Mik set down the pen he had been holding in his hand. “That’s enough for now,” he said and asked Hamid to wait until the interview had been typed out so he could read through it and sign it. Once that was done, Mik said, “It may be that we need to talk to you again.” He followed Samra’s brother to the hallway and held out his hand, but the young man ignored it and just scurried off.

“I guarantee you that got to him,” Louise exclaimed as Mik stepped back in and closed the door.

“He spent the first half hour evading everything I asked about, so I did that to get a reaction,” Mik responded, and Louise got the sense that he had taken her comment as criticism. Instead of getting into it, she started focusing on her computer to avoid spoiling the mood just because they approached things differently.

“All right. I admit that he got to me too,” Mik said after they had each sat staring at their screens for a few minutes. “But I’m having a hard time accepting his attitude toward immigrant girls and their male acquaintances. There must be a fundamental acceptance of what’s permitted for girls. And yet here it seems like everything is divided into two categories. There’s plenty of tolerance toward immigrant girls in general, but that tolerance is severely curtailed when it has to do with the female members of your own family.”

Louise thought about that for a moment and then nodded. “She was kind of viewed as the family’s property and then suddenly that turns into something else,” she said, remembering what a sociologist from the University of Southern Denmark had explained to her when she was on the Nørrebro case.

“That’s really the crux of it when you’re talking about honor and shame,” Louise continued after a moment. “In families where those concepts are significant, people don’t care that much about honor or shame when it doesn’t have to do with their immediate family members. And in those cases when something does happen to offend the family’s honor, it doesn’t become dangerous until someone from the neighborhood starts talking about it. As long as the problem is only known within the family’s four walls, no one has to react to it. It’s so strange that there’s such a huge difference between the world in general and the inner circle.”

Mik watched her while she talked, and she could tell that he wasn’t putting much stock in her explanation. But that was one of the important things she had learned during the case she had just wrapped up. It wasn’t until it became publicly known that the family couldn’t control their own daughter that the girl had to die. In the case in Nørrebro, the death sentence had been pronounced by an uncle and his three sons. They wanted the girl killed before any of the other girls in the family became infected by her loose behavior.

“The world is a strange place. I don’t understand that way of thinking,” Mik admitted, shrugging his shoulders.

Louise smiled at him and said that there weren’t many Danes who did.

“Jette Petersen is here,” Ruth announced from the doorway. She asked if they were ready for her and when they wanted the classmates to come in.

“Maybe we ought to see about borrowing a room at the school so we can do it while school’s in session tomorrow?” Mik suggested and received a nod of confirmation from the administrative assistant.

“That’ll save us a ton of coordination. Good idea,” Louise said, standing up to go receive Samra’s homeroom teacher.

“I’ll write up the parents’ and brother’s interviews and update what we have in the case file on the family from before,” Ruth said before heading back to the command room.

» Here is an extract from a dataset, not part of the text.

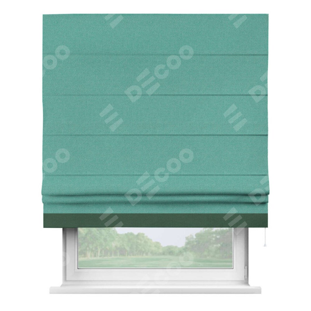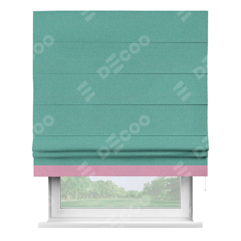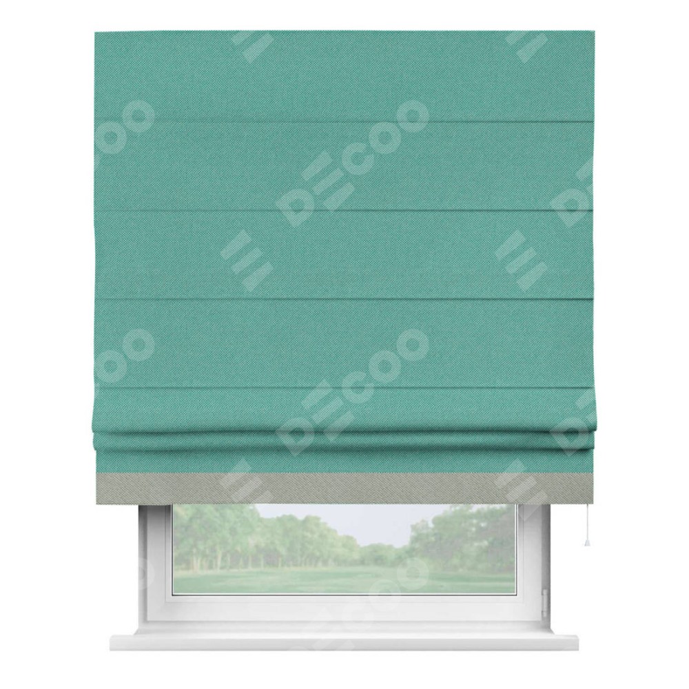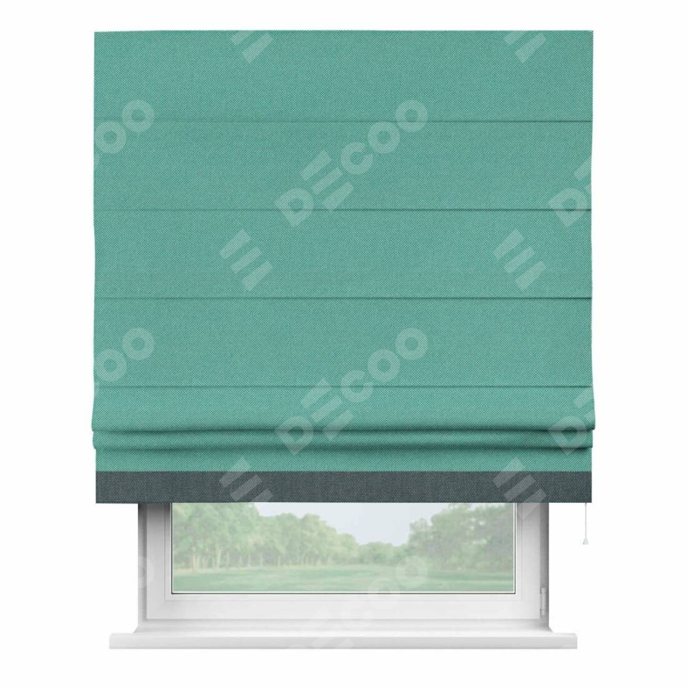 Римская штора производителя «Cortin», используется для проёма, пошита из ткани лён димаут бирюзовый, артикул 23. Отделка шторы кантом «Джестер», ткань для канта используется из льна димаут разной расцветки на выбор. Имеет универсальный механизм и подходит для монтажа: на потолок, на стену и в нишу.

Storm came in to ask them if they could also talk to the women’s shelter the mother had stayed at to find out what information they had on the family. Louise took a seat on the edge of her desk as he spoke.

“We just need to find out if the parents were having problems with the girl, before we latch on to our suspicions,” Storm said.

“I’ll call the shelter right away,” Mik offered, pulling out his papers and flipping through them. He left the office to find somewhere quiet to call from so Louise could start her conversation with Samra’s teacher. Louise followed Mik into the hallway and asked Jette Petersen to come in.

“Would you like some coffee?” she asked.

The teacher looked tired, as if she’d been crying. Her eyes were red and there were streaks of mascara under her bottom lashes.